NorwichStreets of Norwich

Streets of Norwich – Mountergate

Part of my Streets of Norwich project…. [updated in September 2023]

Screenshot-2020-05-14-at-12.50.16

Mountergate has also been referred to as the southern end of St. Faith’s Lane and the small section where it meets Prince of Wales Road is now better known as Eastbourne Place. The road name comes from the corruption of the parish name of St. Peter Parmentergate, which over time became Permountergate, and then Mountergate (and Mountergate Street).

20200512_102418

Norwich City Council is very proud of its car parks and they put to one side perhaps too readily an English Heritage report asking them to reconsider building this. I’d rather that the council were proud of Norwich’s heritage and stopping knocking things down, but there we go. This is likely another one of those decisions that will be regretted in thirty years, although the building on the front part of this site was in fairness of no great historic loss.

20200512_102534

As can be seen here, the car park beautifully blends into its environment.

20200512_102601

There’s a road opposite the car park which leads to the Premier Inn and riverside walk.

20200512_102610

On the left of this photo is a building which has been left empty since around 2005, whilst the beautiful car park still keeps going on the right.

20200512_102641

The same neglected building from the front.

20200512_102631

When certain Norwich City councillors were excitedly talking about their new car park, they were asked by some heritage bodies to moderate their plans to try and save the historic fishmarket site. The fishmarket buildings weren’t that appealing visually, but there was historic interest to them, even though they had only been constructed in 1914 when they moved from their previous site on St. Peter’s Street.

English Heritage said:

“The complete demolition of the fishmarket would result in the loss of this heritage interest and the buildings’ contribution to the historic environment. We would urge the council to consider alternative uses of part of the site that would allow retention of the fishmarket, but also alternative designs for the car park.”

So, there was potential for the council to change their plans slightly to build their car park, but to save some of the fishmarket site. What the council actually did was ignore all of that, but they did save the plaque which they’ve attached to their lovely new car park. So, when people come to have a look at the fishmarket site, which was of historic note albeit very run-down, they can now see where it was. Great.

There was a question asked of the council at the time about surely their own public transportation plans were failing if their only solution was to keep building car parks. I’m not sure they came up with an answer to that.

Anyway, there’s no point in being negative. One advantage in the council knocking down sites of interest is that there are fewer listed buildings for me to note.

20200512_102701

This is one listed building that remains, a seventeenth-century former factory site which still has some character to it, even though there have been a couple of extensions in the eighteenth and nineteenth centuries when it was used in the manufacture of boots and shoes. Behind it is St. Faith’s House, which fronts onto Baltic Wharf.

20200512_102742

A more modern office building, and then the entrance to the new St.
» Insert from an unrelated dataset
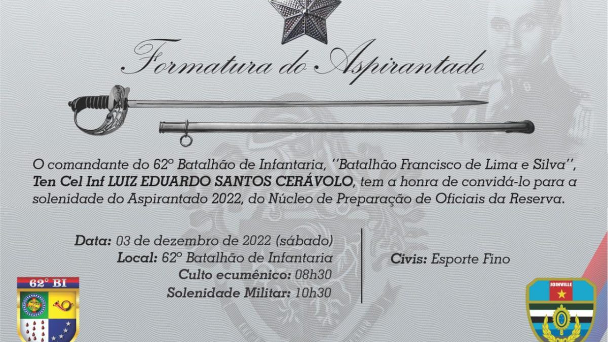 REUNIÃO GERAL AORE-SC – 28/Novembro/202222 de novembro de 2022Natal Solidário AORE/SC – Joinville – 11/Dezembro/20223 de dezembro de 2022 Solenidade Militar do Aspirantado – 2022

Anne’s Quarter building development. Somewhere along here was the site of the Orchard Tavern, which was the only pub located on Mountergate.

Screenshot-2020-05-15-at-14.51.20

The pub was badly damaged during an air raid in 1940 and the owners, the Lacon Brewery, decided that they wouldn’t rebuild it.
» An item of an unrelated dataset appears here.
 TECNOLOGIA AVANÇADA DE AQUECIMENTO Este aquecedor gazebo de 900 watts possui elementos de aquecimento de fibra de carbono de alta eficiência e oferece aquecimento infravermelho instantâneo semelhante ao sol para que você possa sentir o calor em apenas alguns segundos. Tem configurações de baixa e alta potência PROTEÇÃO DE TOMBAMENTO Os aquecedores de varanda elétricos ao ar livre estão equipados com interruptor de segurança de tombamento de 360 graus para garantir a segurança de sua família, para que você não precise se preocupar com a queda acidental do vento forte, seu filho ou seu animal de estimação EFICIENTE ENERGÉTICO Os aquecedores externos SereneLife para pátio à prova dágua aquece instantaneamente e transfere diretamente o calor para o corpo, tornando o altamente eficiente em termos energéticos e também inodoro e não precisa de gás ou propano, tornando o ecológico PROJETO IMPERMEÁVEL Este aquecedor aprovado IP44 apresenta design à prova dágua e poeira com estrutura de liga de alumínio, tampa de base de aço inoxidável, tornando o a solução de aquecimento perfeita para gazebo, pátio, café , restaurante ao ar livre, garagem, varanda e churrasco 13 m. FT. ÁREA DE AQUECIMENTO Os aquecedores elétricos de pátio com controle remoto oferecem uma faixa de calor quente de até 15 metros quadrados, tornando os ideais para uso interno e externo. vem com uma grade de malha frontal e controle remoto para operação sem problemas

Taking a look at the 1939 Register, St. Faith’s Tavern was located at 17 Mountergate and the landlord Fred Furze lived on the premises with his wife, Melinda. The pub closed in 1961 and it was once located at the corner of Mountergate and Synagogue Street.

20200512_102842

Everything on the left has been lost to the St. Anne’s Quarter site (although much had already been lost to war damage), but the wall on the right-hand side has been retained.

20200512_102922

And that wall leads to this gate, which led into where the Rose Lane iron-works are marked on the map. Now replaced by the Parmentergate Court housing project, at least this element has been kept as part of the site redevelopment. George Plunkett, who I’ve never known to be wrong on anything, wrote that the walls were from the Co-op shoe factory and were “retained as a baffle against traffic noise for Parmentergate Court”. Another source says they’re the old iron-work walls, and I have no idea which they are, unless both were at the site at the same, or different, times. On balance, I can’t imagine Plunkett was wrong though.

20200512_102943

The road, which is pedestrianised at this point, then meets King Street and straight over is Stepping Lane. A century ago, there would have been a road on the left-hand side, which was where Synagogue Street once stood. Much of this was lost during air raids in the Second World War, with the synagogue the street was named after being badly damaged, and then moved to a new site on Earlham Road in 1948.